• ACTION ITEM: Write the data out again, character for character, with no images.

(Data excerpts)
--- START ---
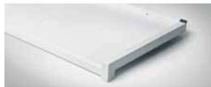
Bestellnr. 9016, Weiß
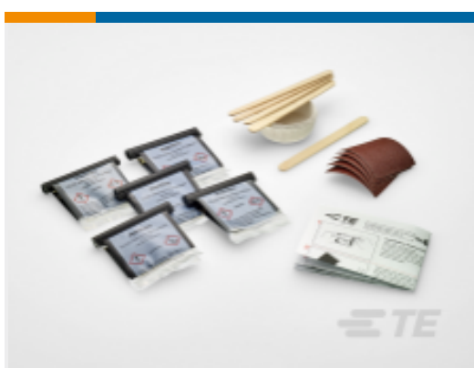
TE 产品编号 931156-000 S1125-KIT-4
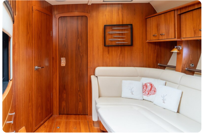
{1} Lower convertible dinette
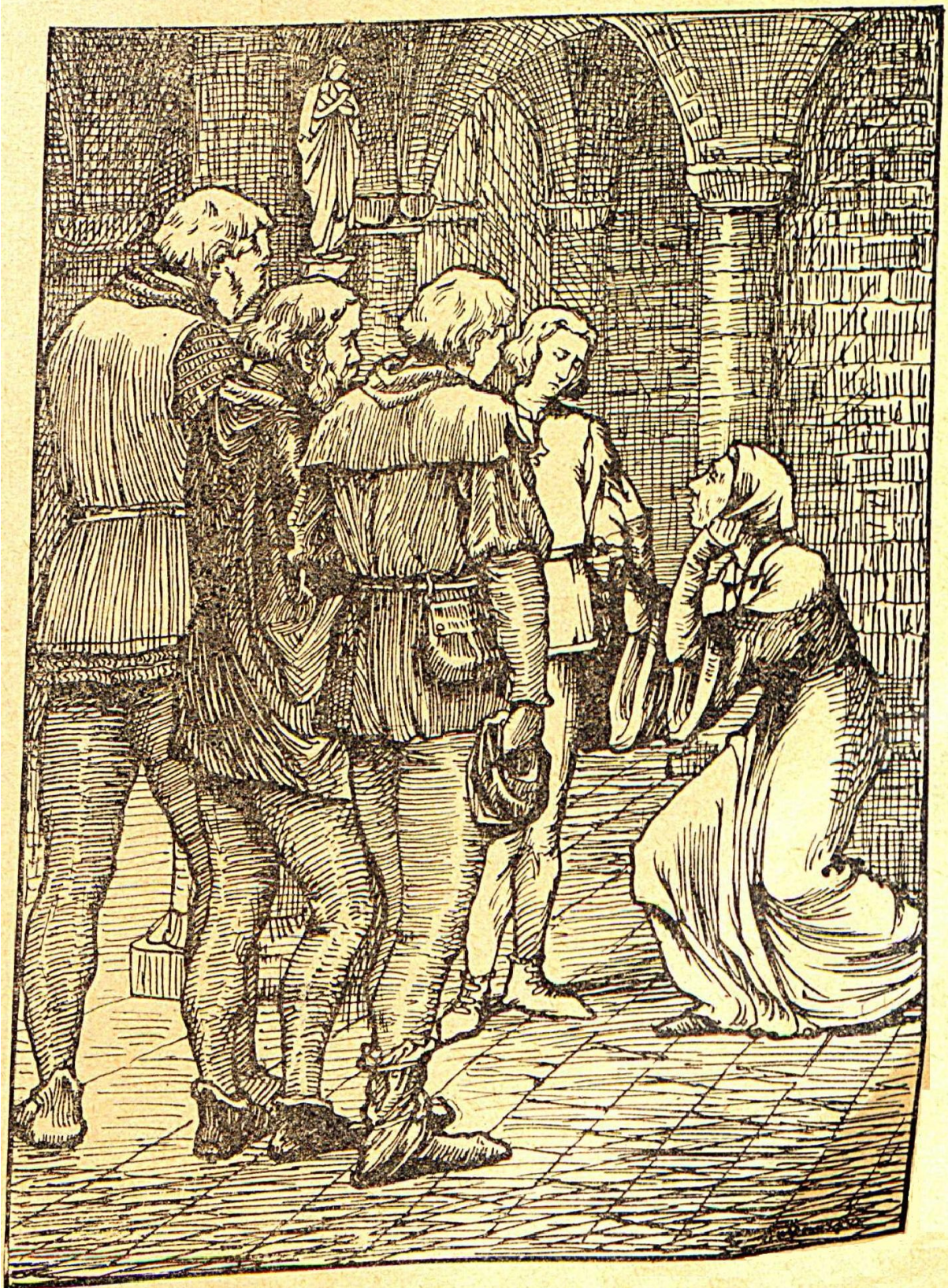
Paul fit de la tête un geste affirmatif. ( Page 708 )

Pentekening bladzijde 697 / illustration page 697
--- END ---
• WRITTEN ANSWER:
Bestellnr. 9016, Weiß
TE 产品编号 931156-000 S1125-KIT-4
{1} Lower convertible dinette
Paul fit de la tête un geste affirmatif. ( Page 708 )

Pentekening bladzijde 697 / illustration page 697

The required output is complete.